Rich Johnston’s The Avengefuls

The Avengefuls

Today’s review is for The Avengefuls, a parody comic by Rich Johnston. If you don’t know who that is, he is the founder of the internet rumor mill BleedingCool. However, I don’t want to make this post just about bashing Johnston and his website. We’re going to look at a series of comics he did around 2012 to ride off the hype of the Avengers movie coming out that year. There’s 4 comics: Iron Muslim, Captain American Idol, Scienthorlogy, and The Avengefuls. Just going to talk about them all right in this one post because there’s no point in distinguishing them as I’d just say the same thing about every single issue. That point is that every single issue of this parody series is just horribly unfunny. Of course comedy is subjective and maybe there is somebody that thinks that this sort of humor is funny, but this right here didn’t work for me at all.

This series is just like one of those movies like “Disaster Movie” or “Epic Movie” where most of the jokes are just random reference humor. Captain American Idol is the biggest offender, as Gordon Ramsay and David Hasselhoff are in it for no good reason. In Scienthorlogy( I’m probably gonna spell this wrong throughout the review, but it’s a pain to type) there’s references to Natalie Portman in V for Vendetta and something about Anonymous which I had to look up to actually understand. The Avengefuls issue actually has Black Widow call Thor out on making an outdated “There’s an app for that” joke when these books reference a movie from 2005. It’s not just the reference humor that’s bad though, the other jokes are just lame. There’s a lot of lazy sex jokes, random humor, jokes trying to be adult by having the characters be racist or make fun of religion, and jokes like having characters say “exposition” over and over in the Thor comic.

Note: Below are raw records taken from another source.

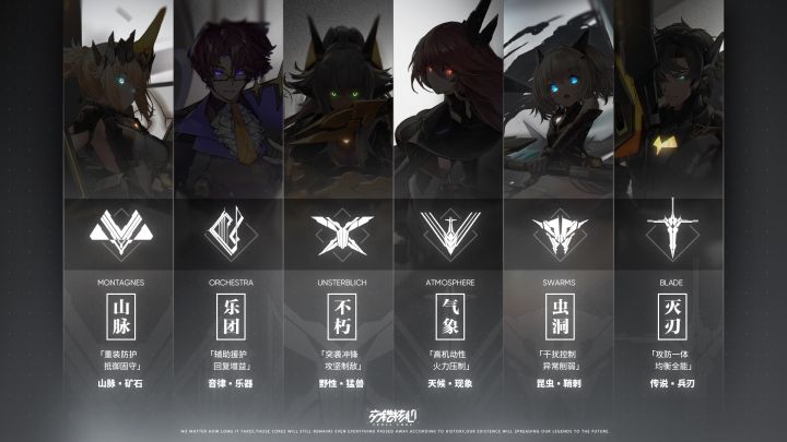 为了应对环境复杂的异星战场,NERI总部开发出了六种类型的武装。因融合了异星技术,这些武装无法以常规方式启动,只有适配者与武装达到高度共鸣的人才能够驾驭。目前探索队的成员皆适配了与自身相性一致的武装,并获得了由武装所赋予的代号。武装代号原型:【山脉】——自然山脉、矿石种类【乐团】——音乐术语、乐器名称、曲调风格【不朽】——野性自由的猛兽【气象】——气象术语、自然现象【虫洞】——昆虫及昆
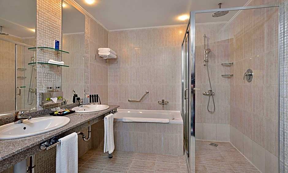 Velkommen til det luksuriøse Melia Grand Hermitage All Inclusive, et 5-stjernet hotel beliggende i den betagende by Zlatni Pyasatsi, Bulgarien. Kun en kort 0,4mi afstand fra byens centrum er dette hotel den perfekte destination for rejsende, der søger en kombination af byliv og afslapning ved stranden. Med et uberørt privat strandområde, både indendørs og udendørs swimmingpools samt vandsportsfaciliteter på stedet kan gæsterne nyde den ultimative strandferie.
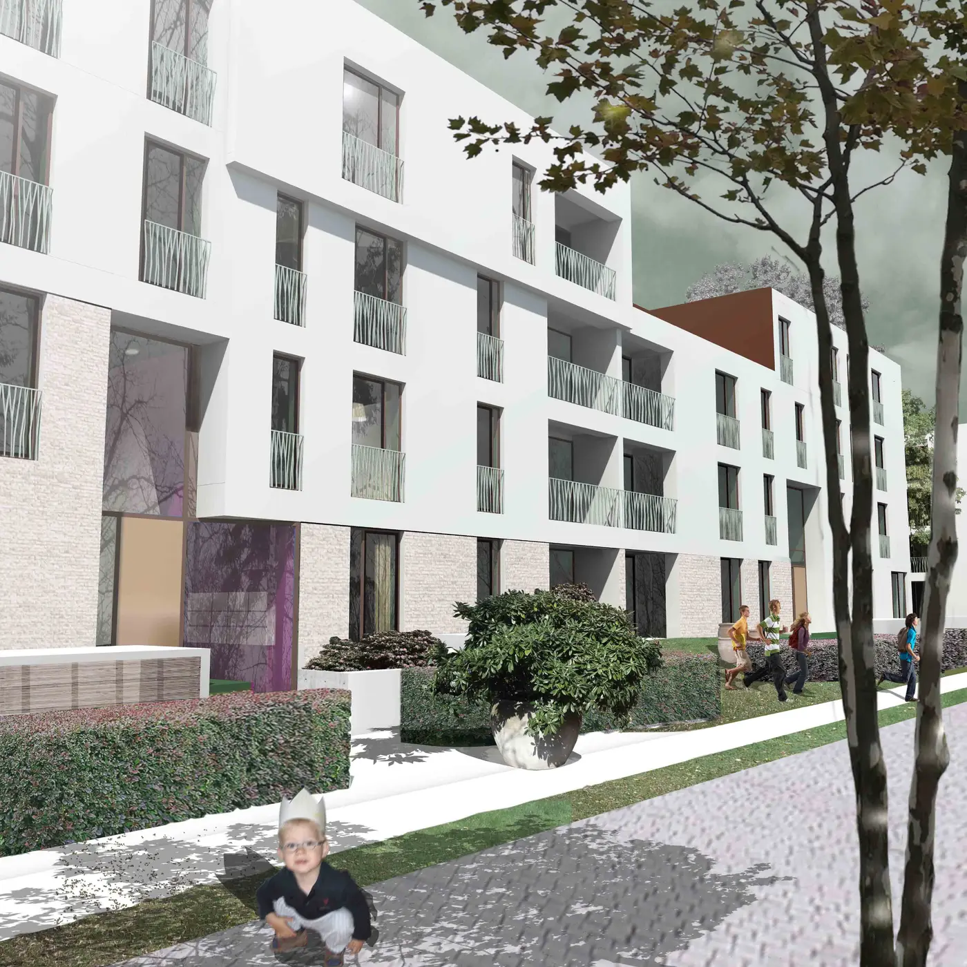 Die Baukörper werden durch Einschnitte in den oberen Geschossen kubisch gegliedert, um eine maßstäbliche Beziehung zu den angrenzenden Einfamilienhäusern herzustellen.
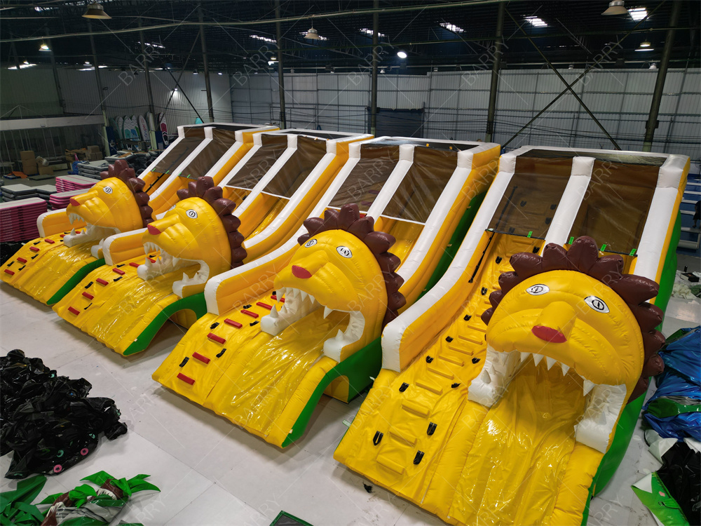 اینها سرسره های بادی هستند که برای استفاده با استخرهای شنا طراحی شده اند. آنها دارای یک طرح سر شیر زنده هستند، با رنگ زرد روشن
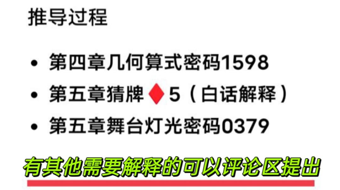 可以直接看图片,文字我会省流直接放每个地方谜题需要的密码 1.播放录音需要打开录音室的电脑,电脑密码为:157 2.调音台每个按钮的在的格子数(从上到下)从左往右为:142315 3.手机网络设置连接wifi密码为:33361 4.筱圆房间床左边墙上的心形摆台,星座点击顺序为:132465 5.筱圆房间床上的娃娃背后密码为:IOZ 6.录音室电脑下面的抽屉密码为:TRAR 7.打开高跟鞋柜子的密码
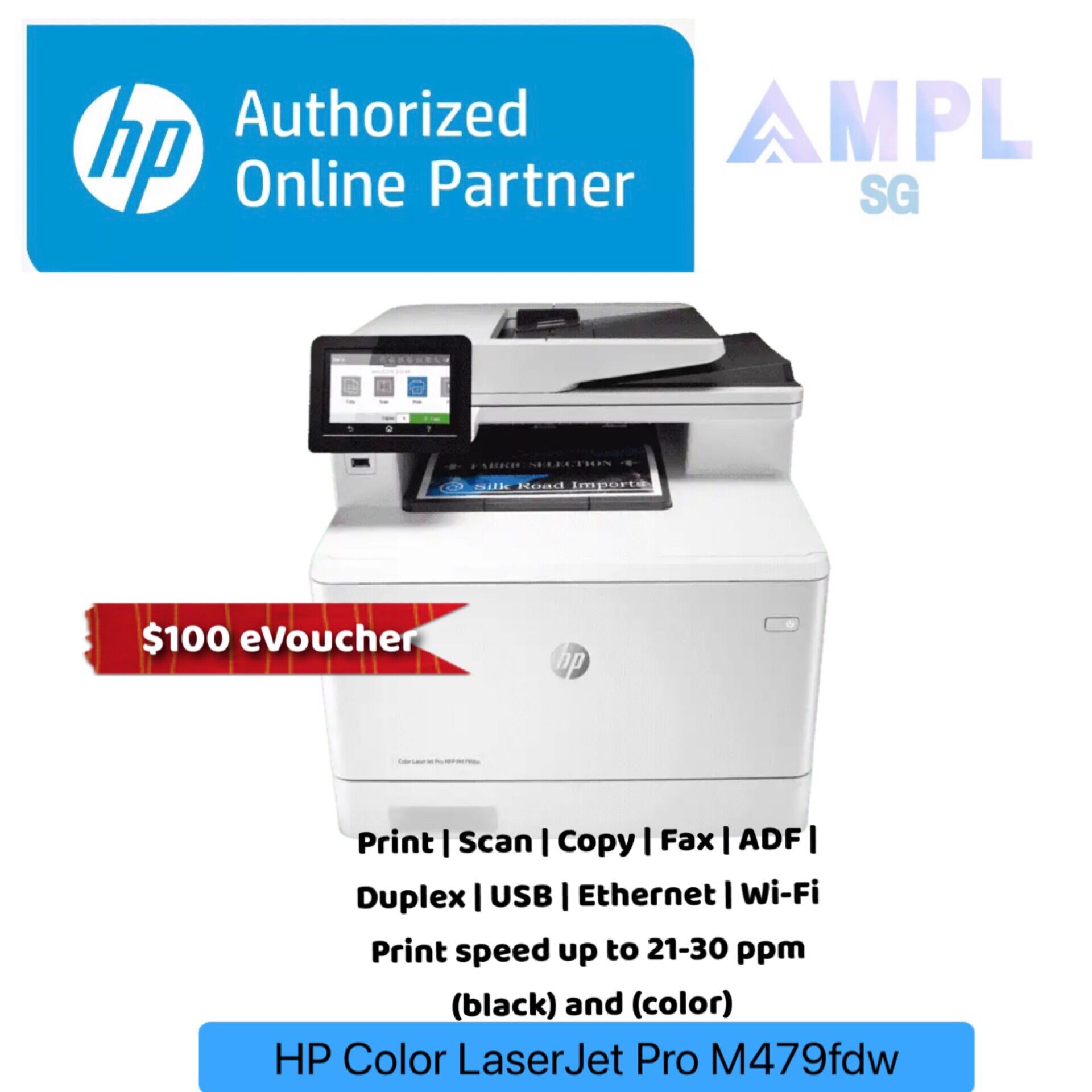 HP M479fdw Color LaserJet Pro Print/Copy/Scan/Fax/Email/Wireless/Automatic Duplex Printing/Single pass duplex scan(Free $100 eVoucher) Orderable for HP 416A Black 416X Black,Cyan,Magenta,Yellow m479 4
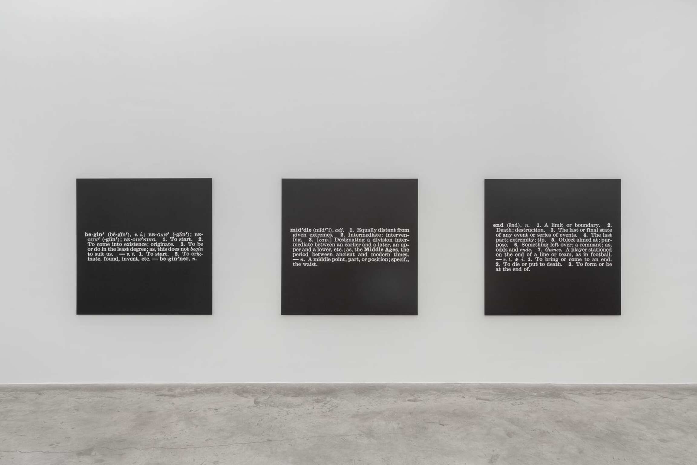 À Paris, l’exposition de Joseph Kosuth, chez Almine Rech est une exposition secrètement et profondément émouvante. Nous sommes en face d’œuvres anciennes (1968) comme d’œuvres récentes dont le choix, la composition dans l’espace sont d’une extrême actualité. Celle de l’artiste comme celle de la société, en péril, dans laquelle nous vivons.
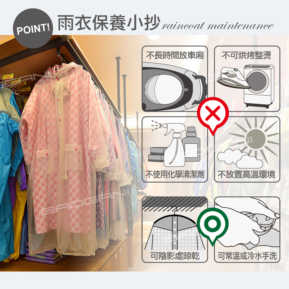 雨衣可常溫或冷水手洗,不要使用化學清潔劑,不要用機器脫水與烘乾,洗完後自然陰乾即可。
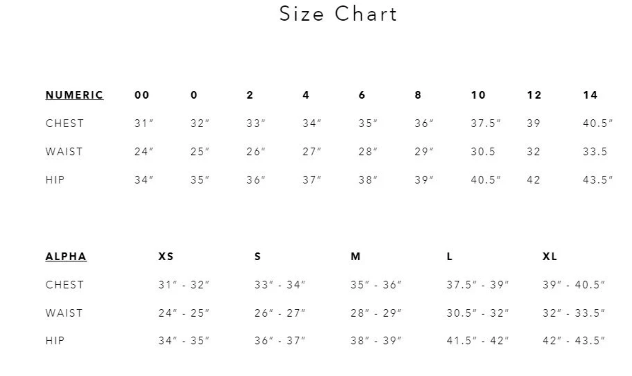 - Bust 32" Waist 25.5" Hips 33.5"
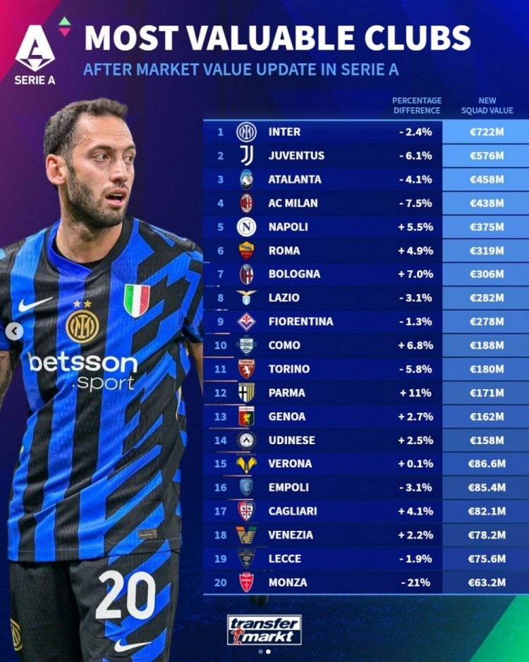 6月17日讯 意甲球员德转身价更新,德转列出了意甲球队总身价排行,国米居首,尤文、亚特兰大排在二三位。
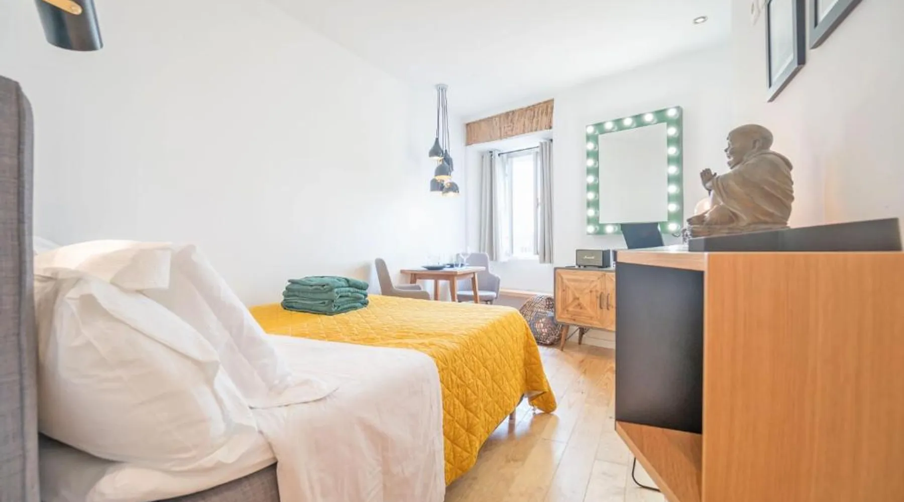 Prime City Center Location: Downtown Comfy Suite in Lisboa offers a central position with St. George's Castle less than 0.6 mi away, Rossio a 5-minute walk, and Dona Maria II National Theater 1640 feet nearby. Humberto Delgado Airport is 4.3 mi from the property. Comfortable Accommodations: The apartment features one bedroom and one bathroom with air-conditioning, a kitchenette, and a private entrance. Guests enjoy free WiFi, a 24-hour front desk, and soundproofing for a restful stay. Modern Amenities: The apartment includes a dining area, city views, parquet floors, and a patio. Additional amenities include streaming services, a TV, and a fully equipped kitchen with a coffee machine and microwave. Nearby Attractions: Nearby attractions include Commerce Square, Miradouro da Senhora do Monte, and Luz Football Stadium. Guests appreciate the convenient location, excellent restaurant options, and diverse food and drink choices. Boasting a private entrance, this air-conditioned apartment comes with a kitchen, 1 bedroom and 1 bathroom with a walk-in shower and a hairdryer. Guests can make meals in the kitchen that features a stovetop, a refrigerator, kitchenware and an oven. The apartment features a flat-screen TV with streaming services, soundproof walls, a tea and coffee maker, a seating area as well as city views. The unit has 1 bed.
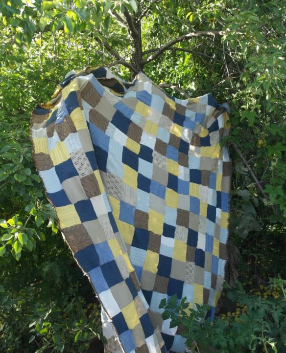 Следующий этап – сшиваем плед полностью. Если мы все выполнили аккуратно, то и изнаночная сторона пледа из старых свитеров смотрится красиво и не требует дополнительной обработки.
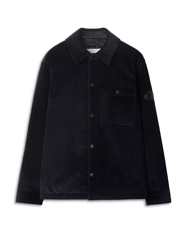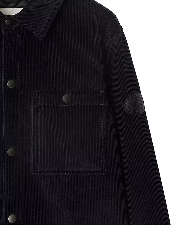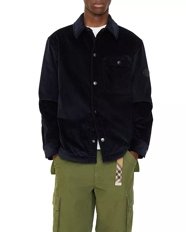 Рубашка из хлопкового вельвета со стеганой подкладкой. Модель имеет стандартный крой и украшена кожаной аппликацией в виде тиснения Knight, архивного мотива, впервые появившегося на сумках Burberry в 1980-х годах.

The final Avengefuls issue is just the worst thing about this whole series. This whole issue just feels dated and every joke about the Avengers has been done before. Here’s a “hot take” from Rich, Hawkeye and Black Widow aren’t as cool as the other Avengers. The villain turns out to be a Hulk powered Osama Bin Laden and they must have thought that this was hilarious because almost every line has him say Osama in the place of Hulk. The ending of this issue for no reason has Obama come in and save the day. This might have been some kind of parody but I don’t understand this joke and it doesn’t even really seem like a joke.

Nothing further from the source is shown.